### WORK INSTRUCTION
Return the full listing character for character, without its pictures.

### DATA PROVIDED
BEGIN

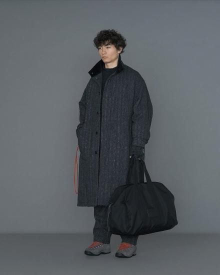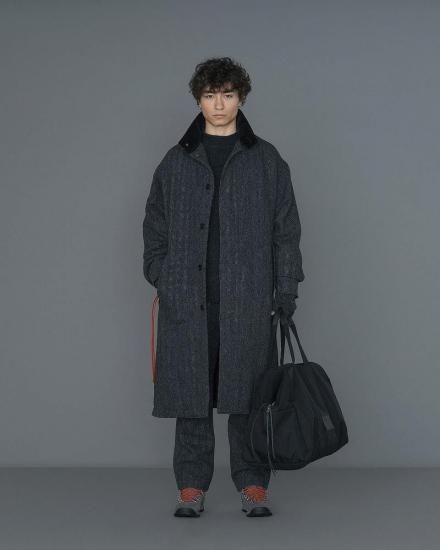 温かみのある表情のウールヘリンボーン素材を使用したバルマカーンタイプのロングコート。やや肩が落ちるリラックスシルエット。襟と袖口裏がコーデュロイ仕様のデザインが特徴で中綿を入れることで保温性にも優れている。
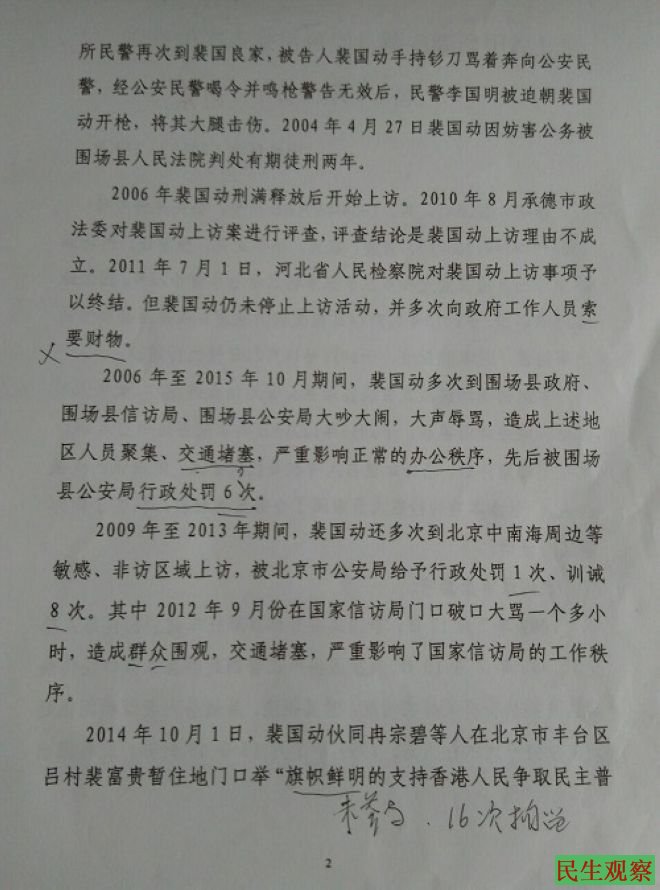 其主要“罪证”就是政府和公安截访人员的笔录。其中还有裴国栋因上访被6次行政拘留和8次训诫的书证,及裴国栋和在京访民拉的“旗帜鲜明的支持香港人民争取民主普选的斗争”“公安乱法,欺善保恶”等发到维权网上的条幅照片。
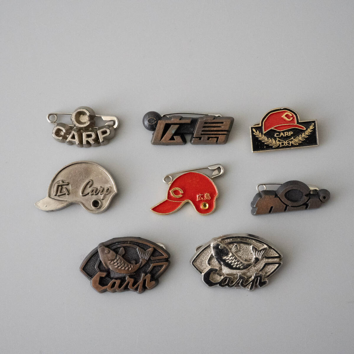 - 昭和レトロ 当時物 プロ野球 バッジ 8個セット 広島 カープ ピンバッジ バッチ
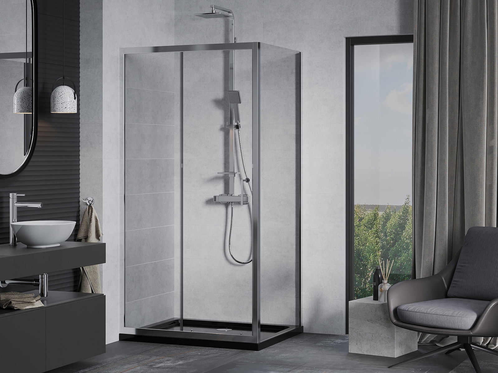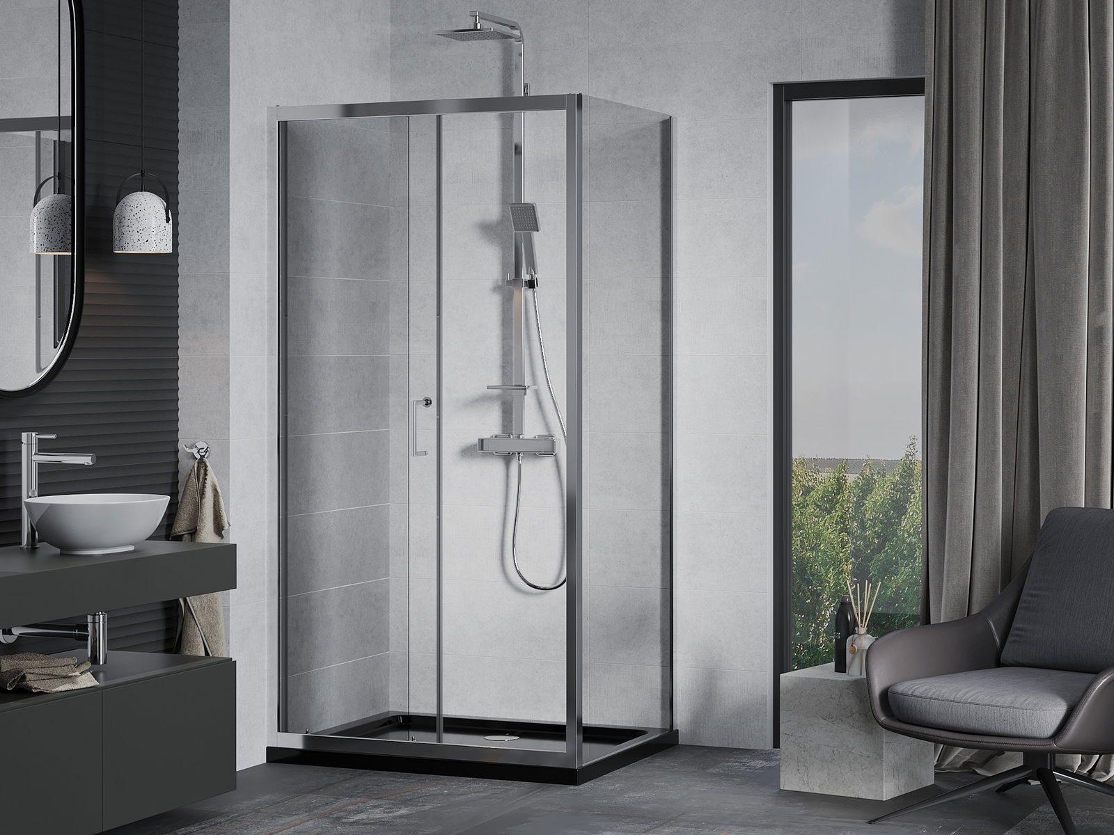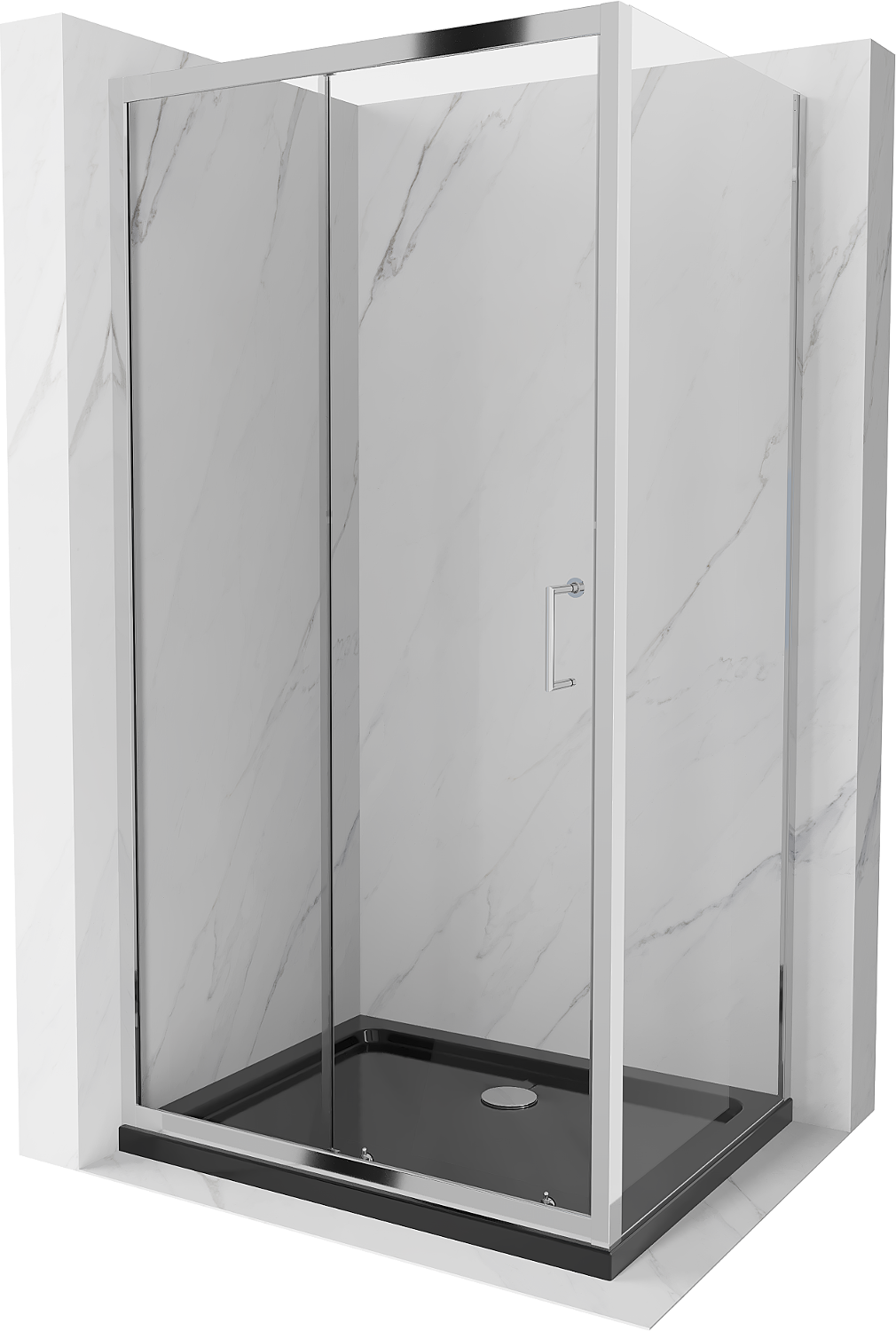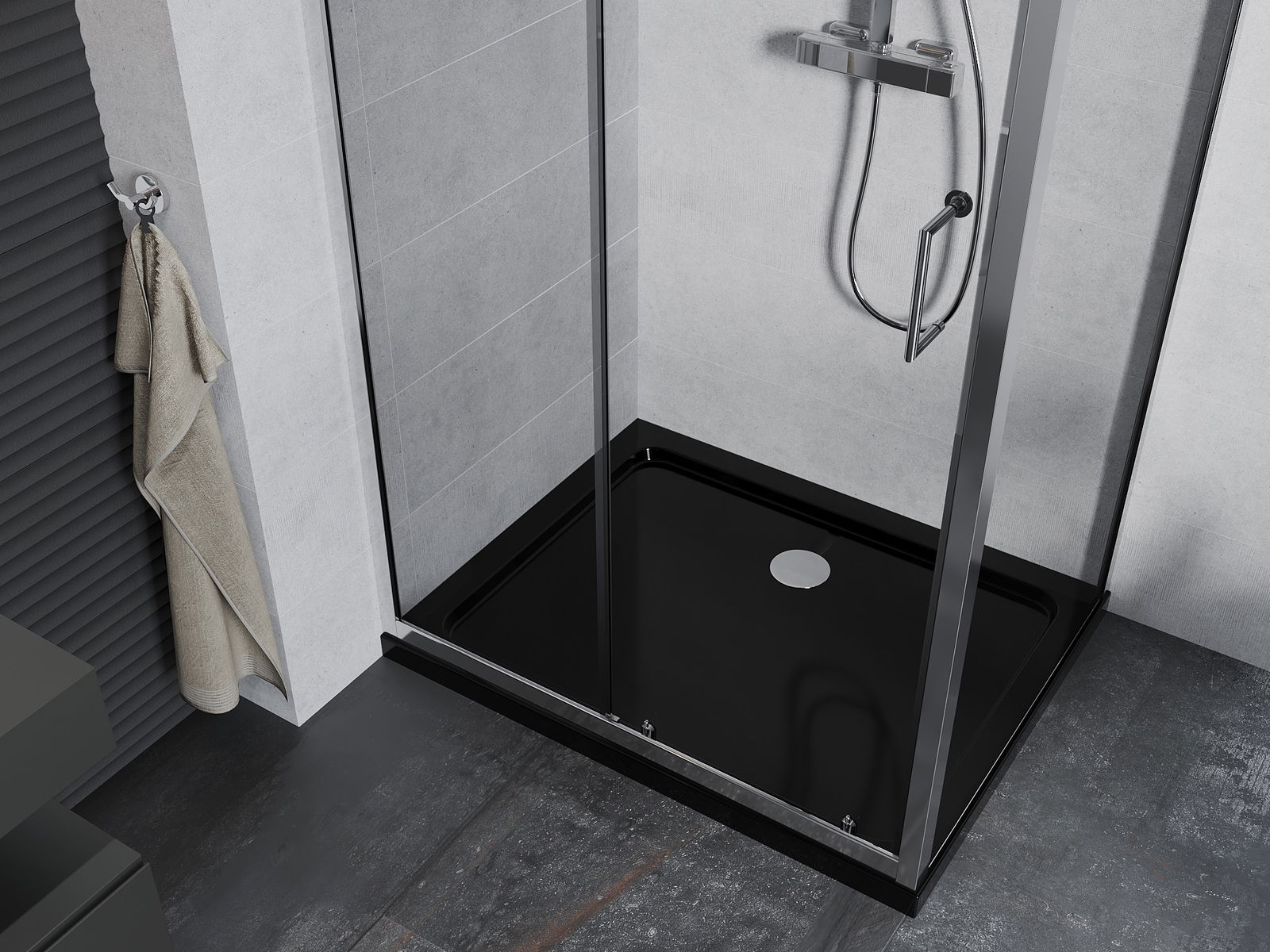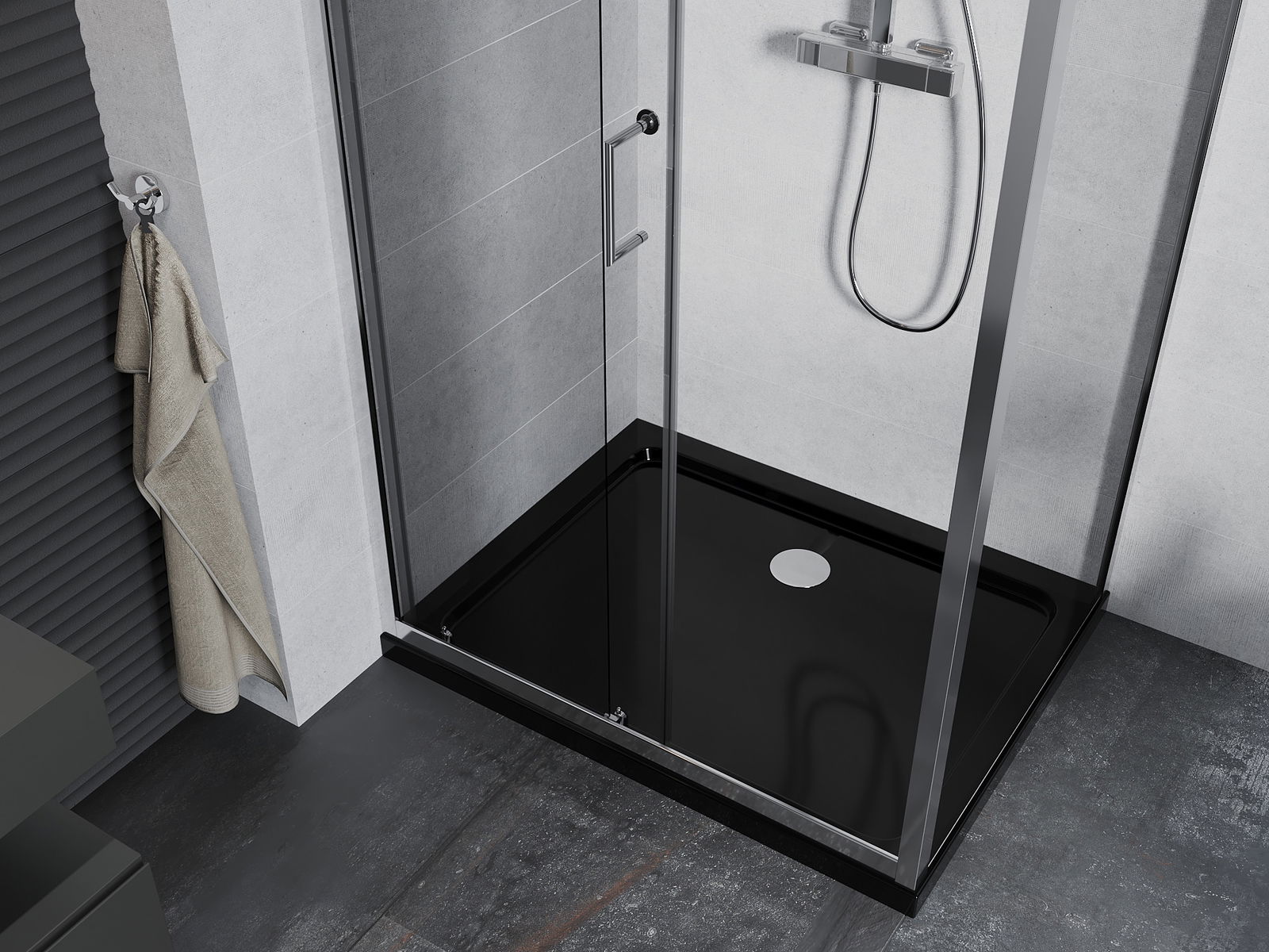Mexen Apia плъзгаща се душ кабина 90 x 70 см, прозрачна, хром + плитък душ под, черен - 840-090-070-01-00-4070

END

### TASK RESULT
 温かみのある表情のウールヘリンボーン素材を使用したバルマカーンタイプのロングコート。やや肩が落ちるリラックスシルエット。襟と袖口裏がコーデュロイ仕様のデザインが特徴で中綿を入れることで保温性にも優れている。
 其主要“罪证”就是政府和公安截访人员的笔录。其中还有裴国栋因上访被6次行政拘留和8次训诫的书证,及裴国栋和在京访民拉的“旗帜鲜明的支持香港人民争取民主普选的斗争”“公安乱法,欺善保恶”等发到维权网上的条幅照片。
 - 昭和レトロ 当時物 プロ野球 バッジ 8個セット 広島 カープ ピンバッジ バッチ
Mexen Apia плъзгаща се душ кабина 90 x 70 см, прозрачна, хром + плитък душ под, черен - 840-090-070-01-00-4070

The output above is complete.